第145章 本音<弐>
「あ、あんたは確か・・・。村・・・」
「村田だよ・・・、いい加減い覚えろよ」
「いやあたし・・・、村田っていおうとした・・・わよ?あたしどんだけ・・・馬鹿に思われてるの?」
あまりの事に汐は叫びそうになるが、身体が冷え切り疲労も蓄積していたため、小さい声しか出なかった。
「あ、汐・・・」
その向こう側には、同じく歯をガチガチならしながら岩にへばりつく、炭治郎の姿があった。
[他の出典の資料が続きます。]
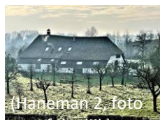
(Haneman 2, foto)

Hallehuisboerderij waarvan het oudste deel al uit de 17 e eeuw dateert. Mogelijk is deze hoeve niet de oorspronkelijke Kleyne Haneman, die lag vlg een polderkaart aan de andere kant van de weg.

「まあ、それはともかく・・・、お前もすげぇな・・・」
「な、何がよ・・・?」
「お前も炭治郎も猪も、すげぇよ。俺なんて、初日滝修行できるようになるの夕方だったぜ。なかなか水に慣れなくて・・・」
村田は歯をガチガチ言わせながら、震える声でそう言った。
「滝に打たれるだけなのに、本当にきついですね・・・。高い位置から落ちてくる水が、あんなに重いなんて・・・」
「本当よ。下手したら首が折れるもの・・・」
炭治郎と汐は、変な笑い声を上げながら岩に頬を寄せた。
「取りあえず、一刻滝に打たれ続けられるようになったから、俺はこれから丸太の訓練だ・・・」
「す、すごいですね村田さん・・・」
「と、十日いるからな・・・」
「それは、ご愁傷様・・・」
三人は動けるようになるまで岩に張り付き、落ち着いたころに村田は次の訓練へと向かった。